■ **Extracted records**:
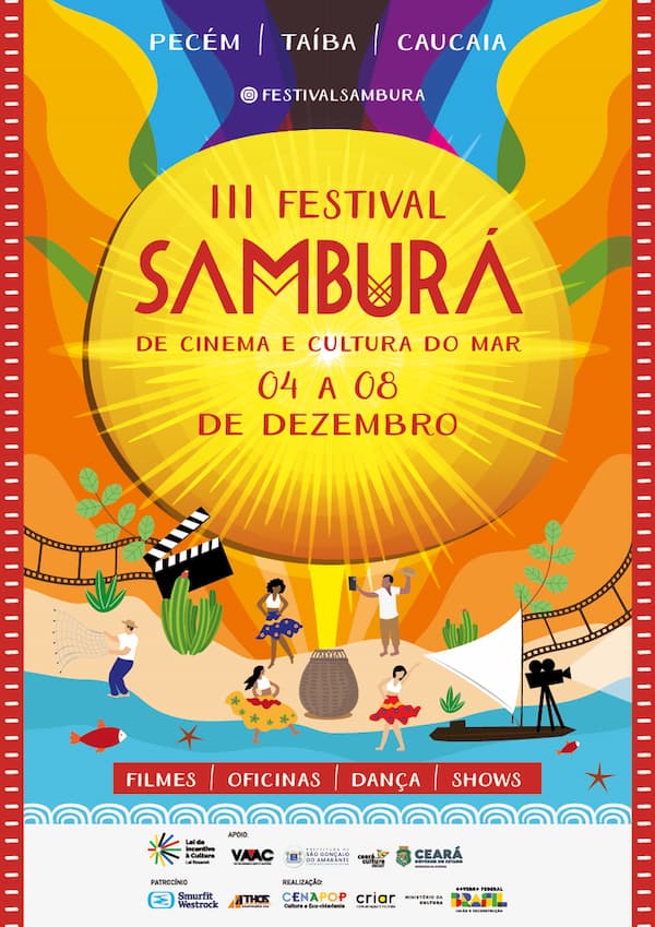 A 3ª edição do FESTIVAL SAMBURÁ DE CINEMA E CULTURA DO MAR anuncia a seleção oficial de curtas-metragens deste ano. Entre os dias 4 a 8 de dezembro no distrito de Pecém, São Gonçalo do Amarante, no litoral de Ceará, será realizada a mostra de curtas-metragens.
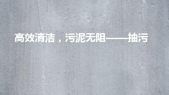 高效清洁,污泥无阻——抽污泥车的应用与发展
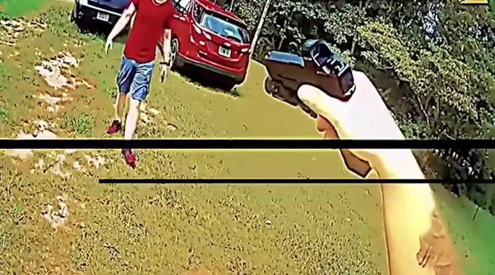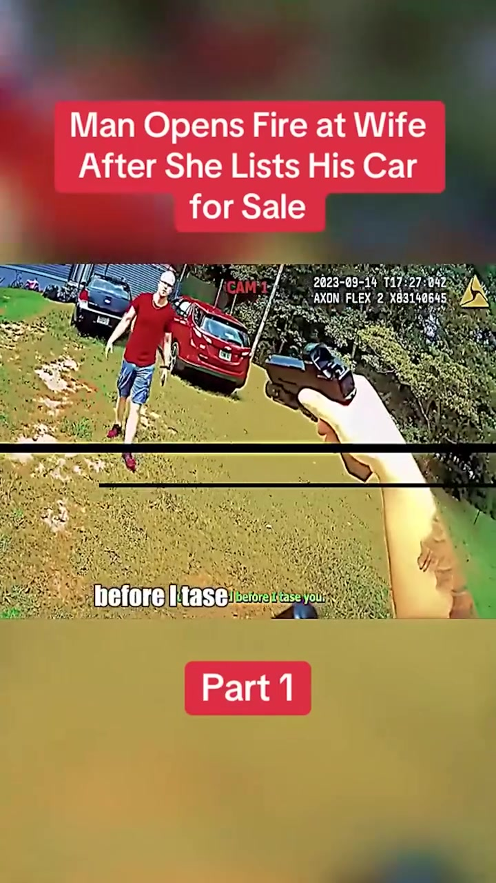 Bodycam footage from responding officers shows the husband, wearing a red shirt and shorts, storming into the yard armed with a handgun. Officers ordered him to drop the weapon, but instead, he fired a shot in his wife’s direction. She ducked behind a parked car and screamed for help as chaos erupted.
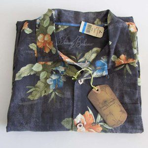 NWT TOMMY BAHAMA Palm Sketch SS floral pattern silk shirt XL
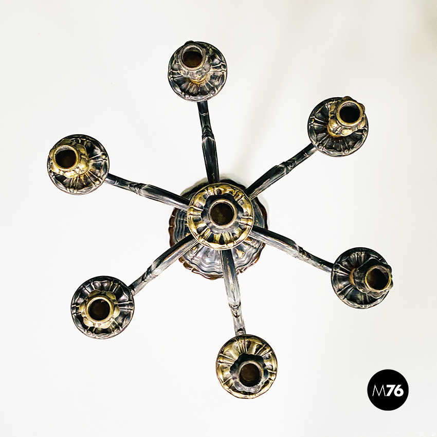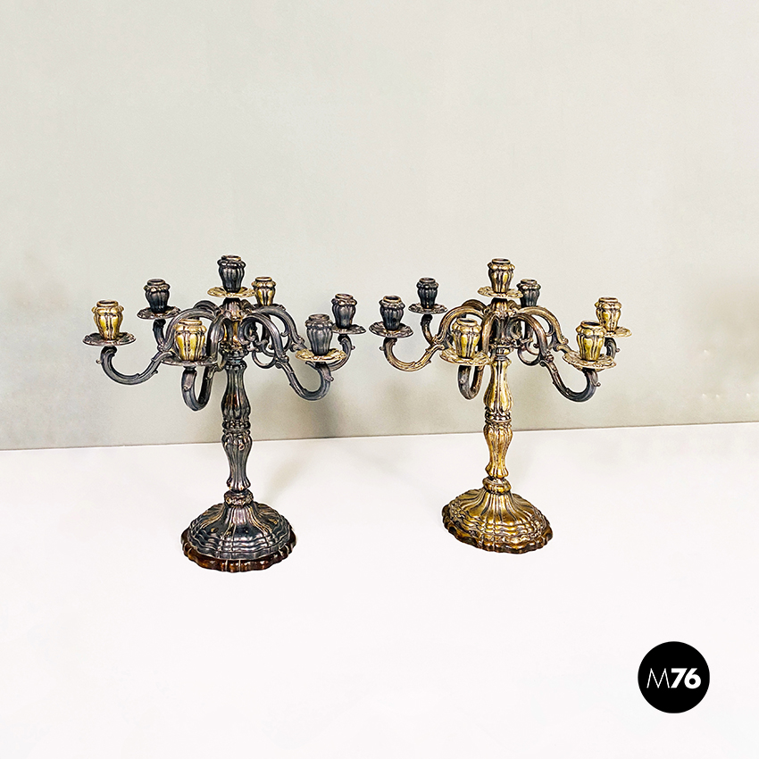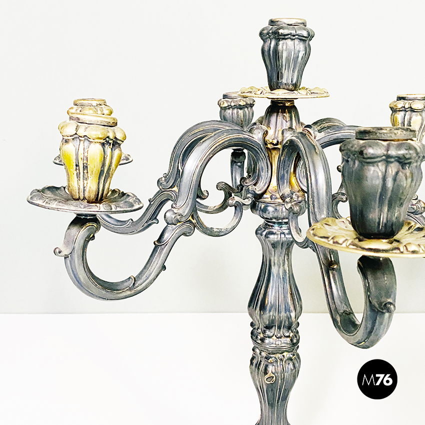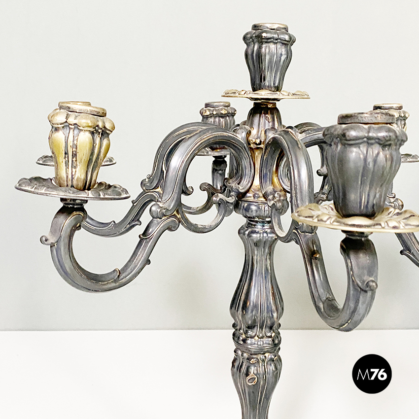 Candelabri a sette fiamme in argento massiccio e base in legno di fine ottocento interamente lavorati a mano.

■ **Your objective**: Beginning with the first entry above, reproduce every line verbatim until the line with "高效清洁,污泥无阻——抽污泥车的应用与发展", which is included too; omit pictures.

■ **Written response**:
 A 3ª edição do FESTIVAL SAMBURÁ DE CINEMA E CULTURA DO MAR anuncia a seleção oficial de curtas-metragens deste ano. Entre os dias 4 a 8 de dezembro no distrito de Pecém, São Gonçalo do Amarante, no litoral de Ceará, será realizada a mostra de curtas-metragens.
 高效清洁,污泥无阻——抽污泥车的应用与发展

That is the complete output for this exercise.